[Stored entries]
Segment Open
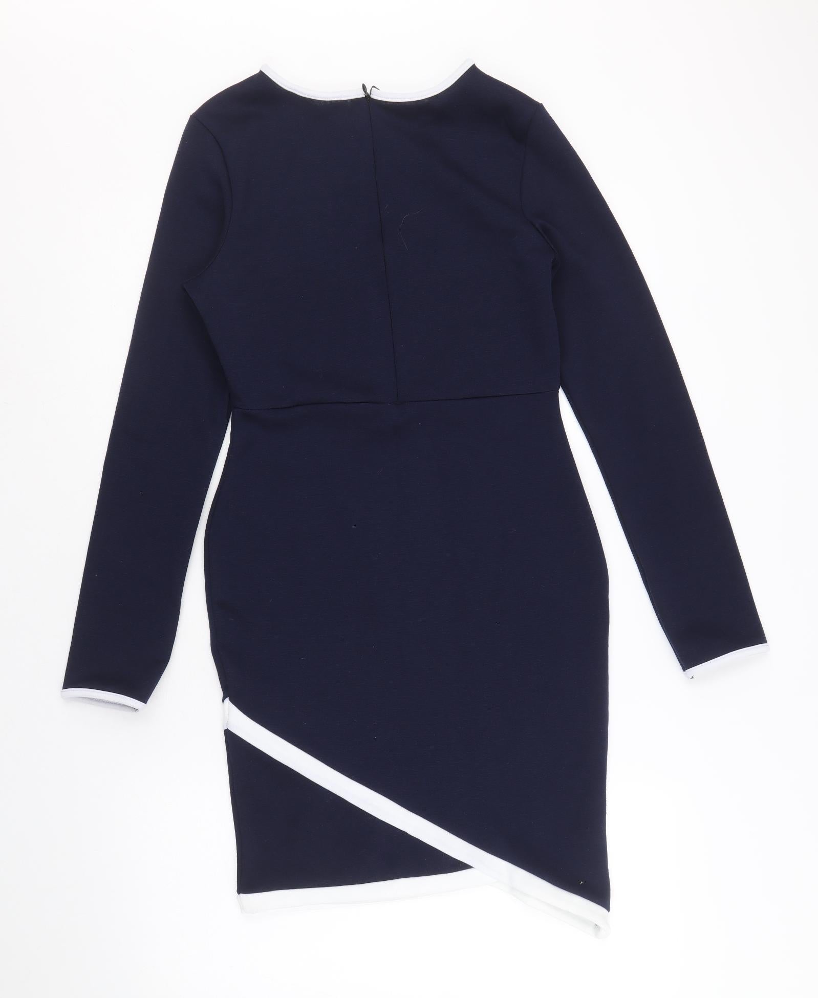 Missguided Womens Blue Polyester Bodycon Size 10 Boat Neck Zip - Asymmetric Detail
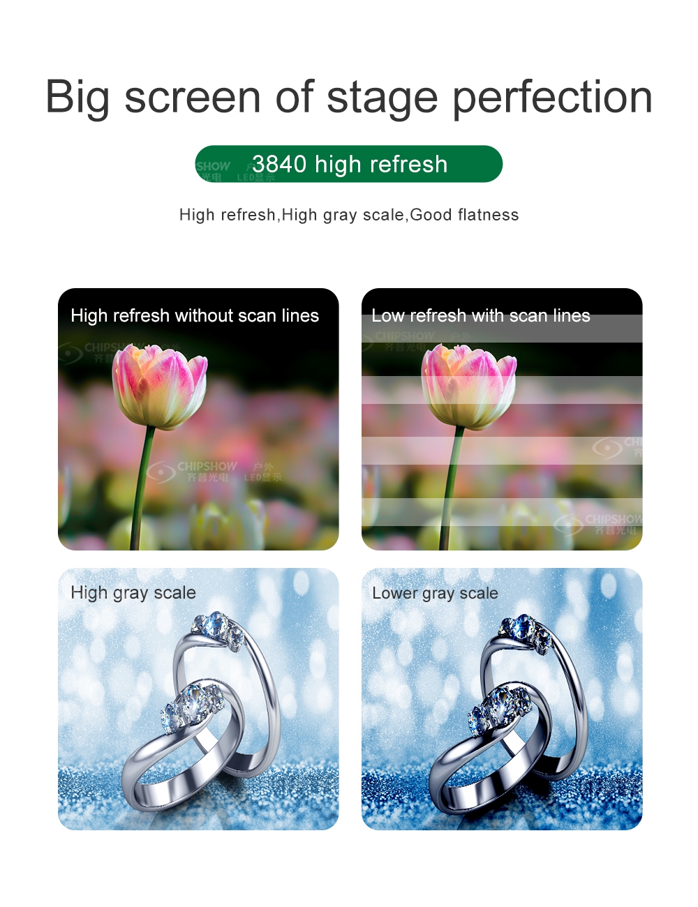 * Ideal para presentaciones en el escenario: con una alta frecuencia de actualización de 3840 Hz y una velocidad de obturación de 1/3000 s, captura sin líneas de escaneo ni efectos fantasma.
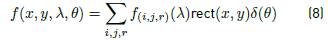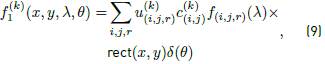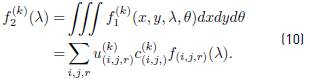 and the continuous model for the spectral density through the coded aperture, the polarization filter array and the optics before it impinges the sensor array is given by Equation (10)
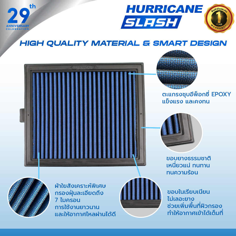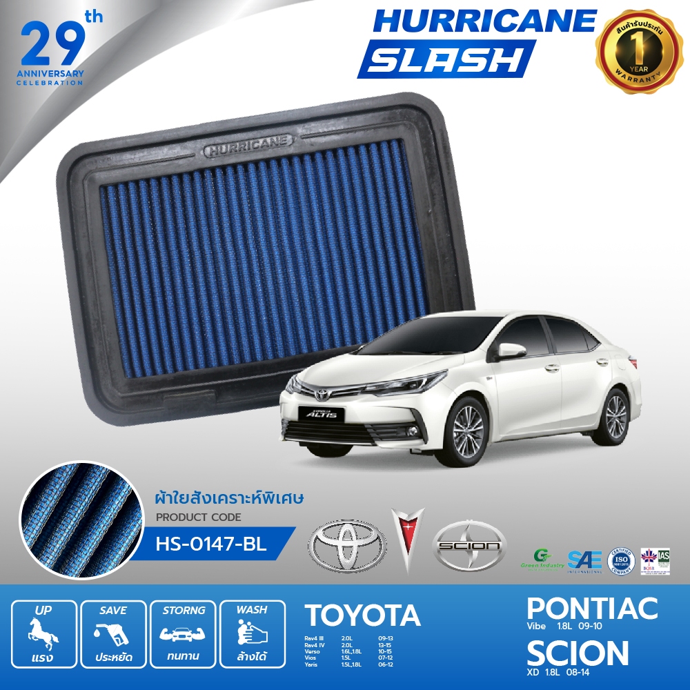 HURRICANE SLASH กรองอากาศผ้าน้ำเงินรุ่นใหม่ล่าสุด Pontiac Vibe, Scion XD, Toyota (Vios, Yaris, Altis) HS-0147-BL
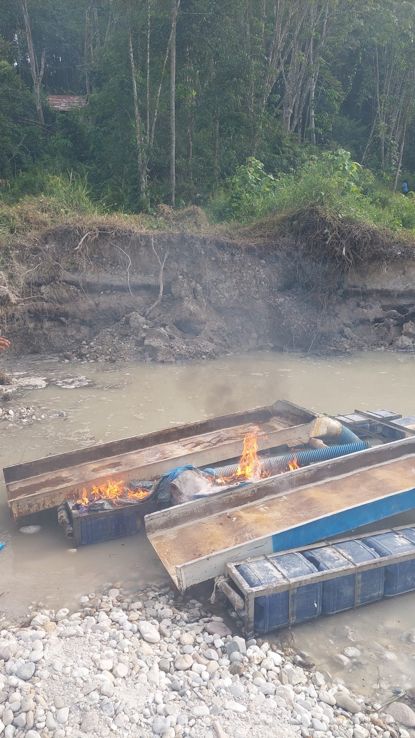 “iya kami dari Dinas Perkebunan sengaja turun ke lokasi kebun Pemda yang berada di Desa Jake Kecamatan Kuantan Tengah, untuk melakukan kegiatan penertiban Dugaan aktivitas PETI di kebun Pemda, saat di lokasi memang kita jumpai adanya beberapa unit mesin Robin, sesuai perintah Kepala Dinas sebelumnya mendapatkan laporan dari berbagai sumber bahwa adanya informasi beraktifitas di kebun tersebut dan kami dari dinas sudah melakukan penindakan dengan membakar mesin dan alat dari mesin Robin tersebut, “terangnya.
Segment Closed
WHAT NEEDS TO BE DONE -
Copy all of the records verbatim, omitting the pictures.

OUTPUT OF THE EXERCISE -
 Missguided Womens Blue Polyester Bodycon Size 10 Boat Neck Zip - Asymmetric Detail
 * Ideal para presentaciones en el escenario: con una alta frecuencia de actualización de 3840 Hz y una velocidad de obturación de 1/3000 s, captura sin líneas de escaneo ni efectos fantasma.
 and the continuous model for the spectral density through the coded aperture, the polarization filter array and the optics before it impinges the sensor array is given by Equation (10)
 HURRICANE SLASH กรองอากาศผ้าน้ำเงินรุ่นใหม่ล่าสุด Pontiac Vibe, Scion XD, Toyota (Vios, Yaris, Altis) HS-0147-BL
 “iya kami dari Dinas Perkebunan sengaja turun ke lokasi kebun Pemda yang berada di Desa Jake Kecamatan Kuantan Tengah, untuk melakukan kegiatan penertiban Dugaan aktivitas PETI di kebun Pemda, saat di lokasi memang kita jumpai adanya beberapa unit mesin Robin, sesuai perintah Kepala Dinas sebelumnya mendapatkan laporan dari berbagai sumber bahwa adanya informasi beraktifitas di kebun tersebut dan kami dari dinas sudah melakukan penindakan dengan membakar mesin dan alat dari mesin Robin tersebut, “terangnya.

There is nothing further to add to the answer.